Изменить стиль страницы

Я испытывала облегчение. Невероятное облегчение, но в то же время была неимоверно зла. Я ненавидела Элизабет и ненавидела весь мир. Если мне суждено иметь брата, то почему я не могу получить его обычным способом? Все было неправильно. Если у меня будет брат, я не хотела его только потому, что Элизабет оказалась чертовой трусихой.

Мне следует быть лучше. Но иногда все, что ты действительно можешь, — это думать о себе. Иногда это единственны способ справиться. Единственный способ осмыслить нечто настолько огромное и угрожающее, как целый мир, — это думать о себе. Я захлопнула дверь своей спальни и упала поперек кровати, думая, смогут ли родители помочь мне с колледжем теперь, когда будут нести ответственность и за Фостера.

А потом... потом я подумала про Фостера, и весь эгоизм смыло волной вины. Одно дело — отдать ребенка на усыновление сразу после рождения. Но кто живет с ребенком четырнадцать лет, а потом решает, что не хочет его? «Ой, извините, нет... Я, наверное, верну его». Что-то вроде вселенской ошибки обработки. Вернуть отправителю.
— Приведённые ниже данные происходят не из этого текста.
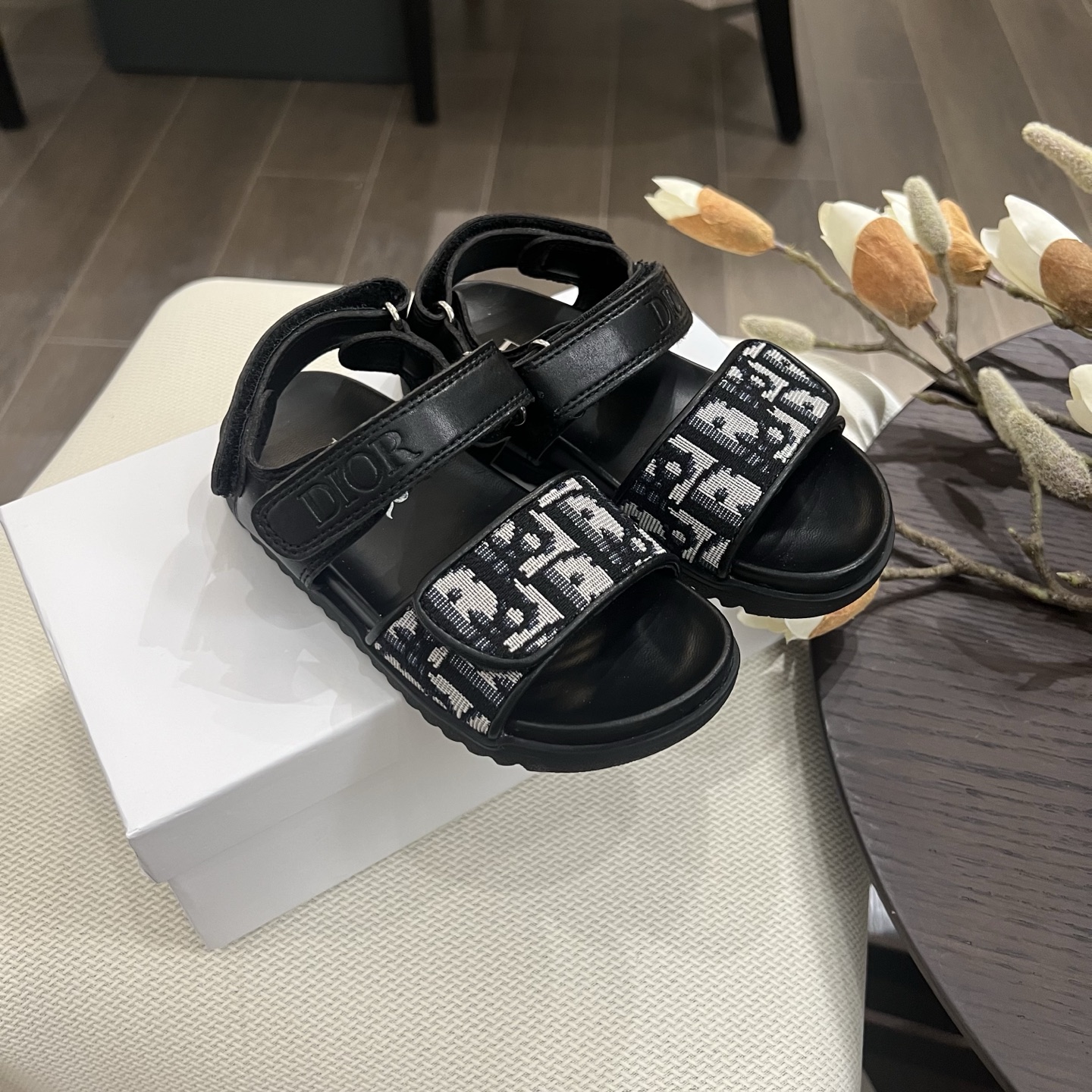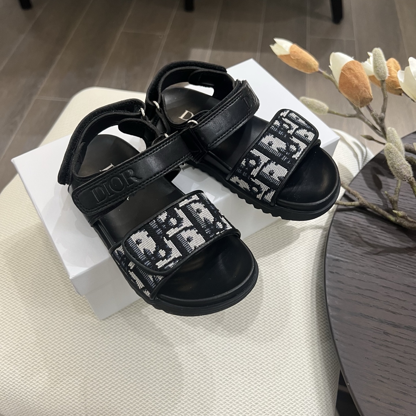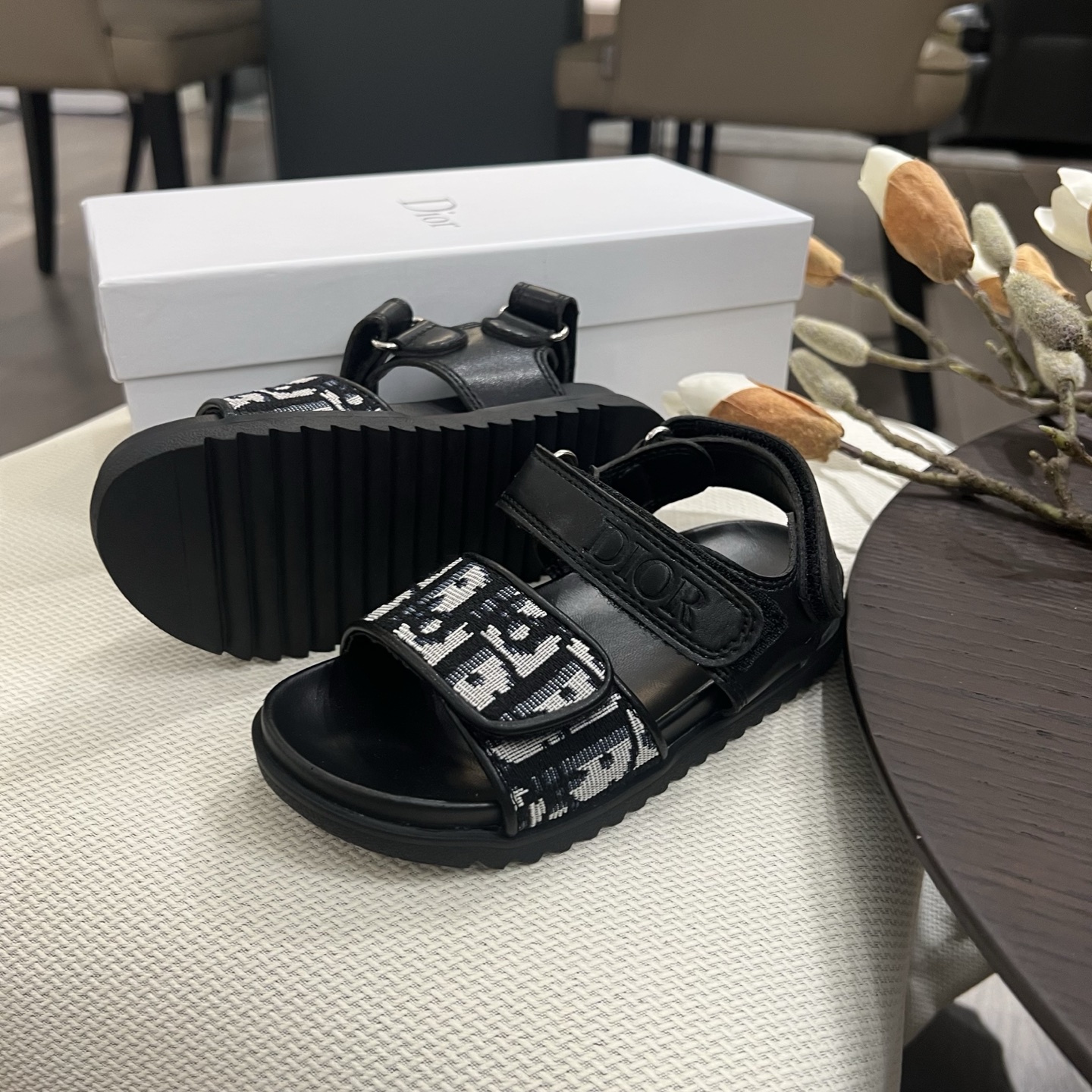 Reservation for 4 days! Dior, high-end children's shoes, boys' and girls' sandals, Velcro design, classic embroidery, rubber Pu outsole, comfortable and good-looking to wear. Sizes: 26, 27, 28, 29, 30, 31, 32, 33, 34, 35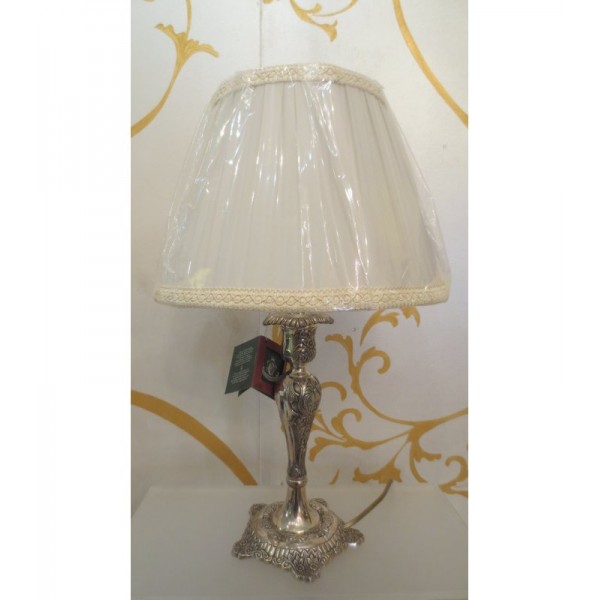 Lampada da tavolo in argento sheffield "barocca" con paralume 50 cm - CHINELLI Italy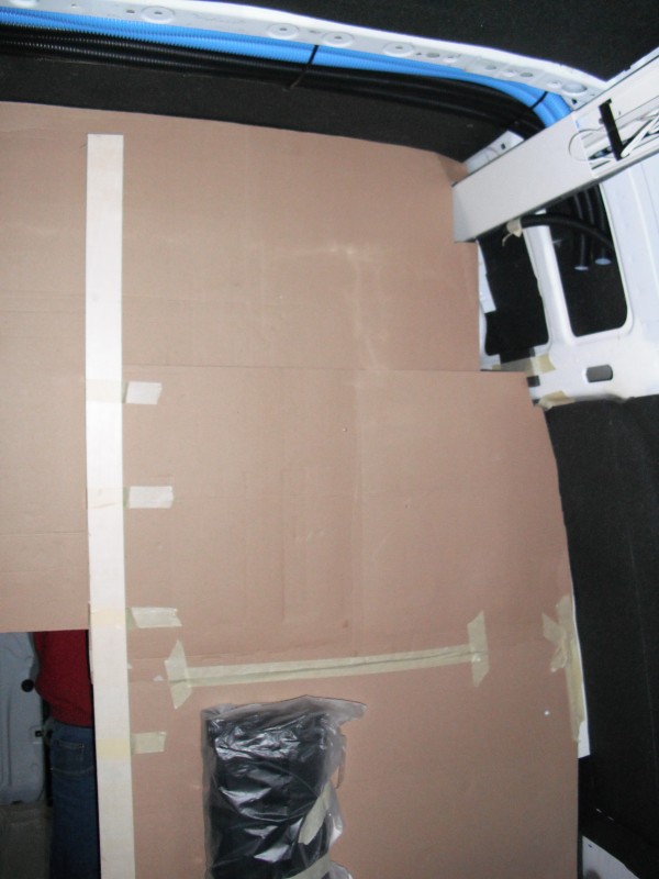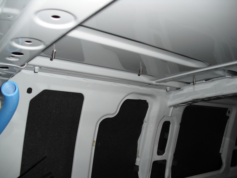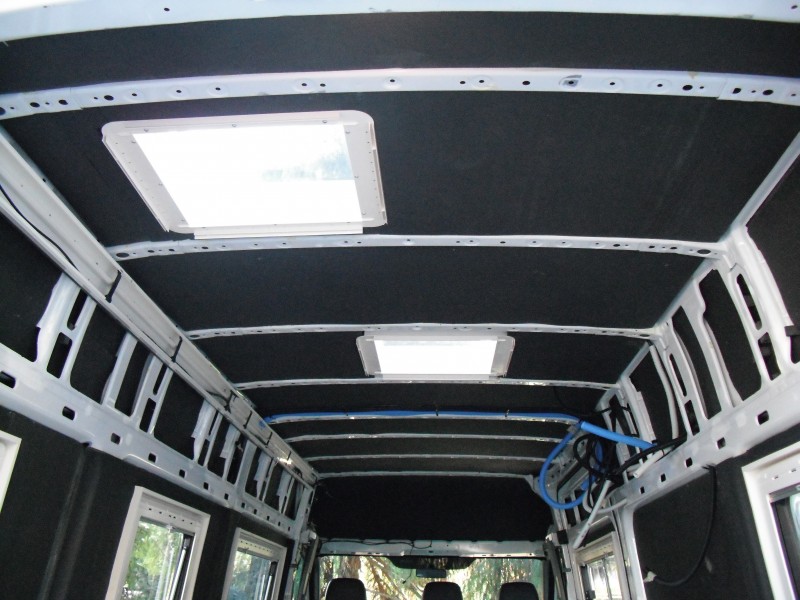Ich hatte die Platten ja schon vor geschnitten, mußten dann aber feststellen, dass die so nicht halten würden, da der Sprinter im Dach ja ganz viele Verstrebungen hat. Siehe Foto: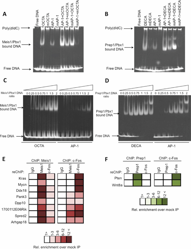 In vitro EMSA with a highly purified recombinant Meis1/Pbx1 heterodimer (see Methods) was used to show DNA binding to oligonucleotides containing OCTA, AP-1 or OCTA+AP-1 sites; likewise, the recombinant Prep1/Pbx1 heterodimer was tested with DECA, AP-1 or DECA+AP-1. The DNA sequences employed were chosen among the actual ChIP-seq peaks (see Methods in the Supplementary section), but a single nucleotide substitution abolished binding (Figure 5).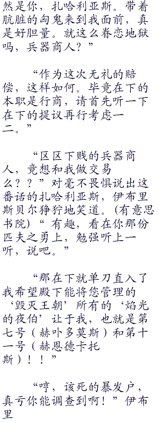 “迎接客人。必须要盛情款待一番呢!”缠上了豪华的深红长袍,伊布里斯贝尔走向城主之阁间。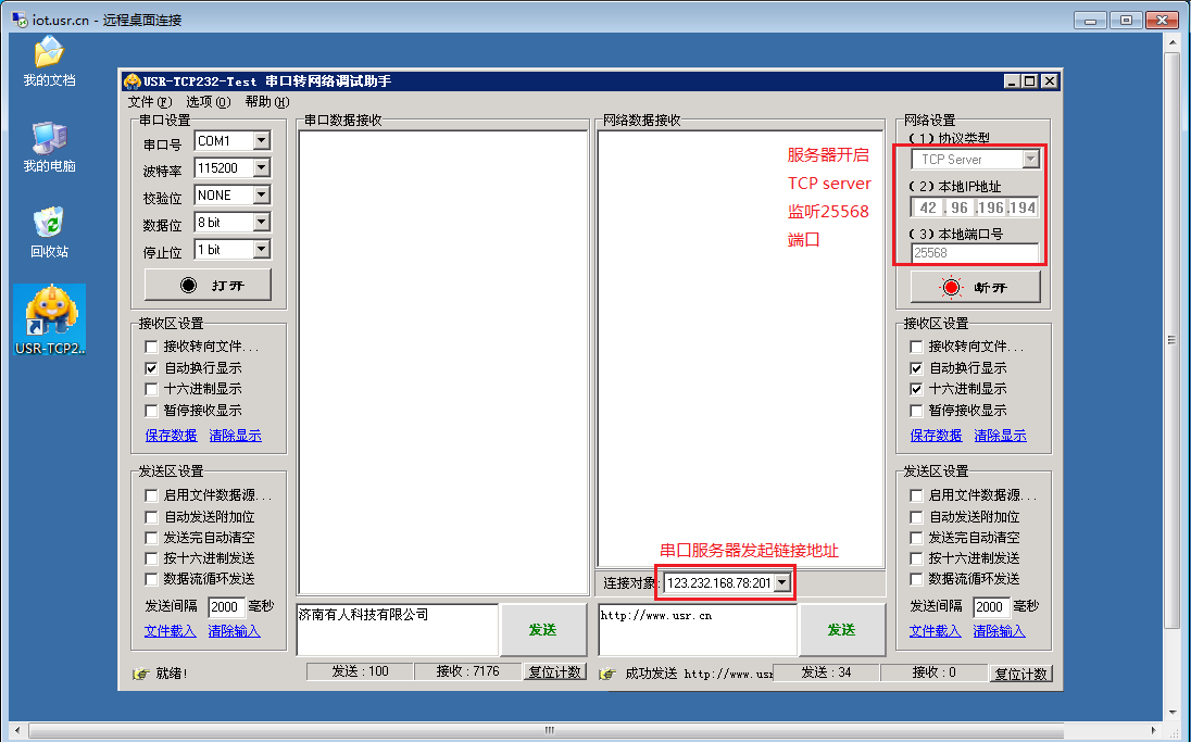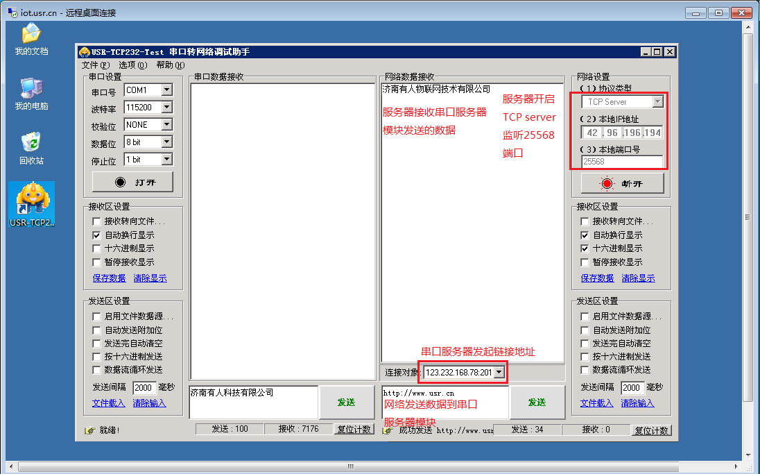 以上是服務器發送數據和接收數據:以下使用電腦串口連接WiFi串口串口,電腦運行串口調試軟件,進行發送和接收服務器的數據。

Я заставила себя встать с кровати. Мне нужно увидеть Фостера.

Я постучала в его дверь, и он ответил совершенно четким и спокойным:

— Войдите.

Я открыла дверь. Фостер лежал на кровати в своем ярко-красном футбольном шлеме.

Я постаралась, чтобы мой голос звучал как обычно. Что вообще говорят в таких ситуациях? С чего начать-то?

— Как дела?

Да уж. Удачное начало.

Фостер казался невозмутимым.

— Нормально.

— Что... ох... я хочу сказать...

— Все хорошо, Дев. — Фостер посмотрел на меня через решетку шлема. — Это не сюрприз. Она звонила и разговаривала со мной, так что все в порядке.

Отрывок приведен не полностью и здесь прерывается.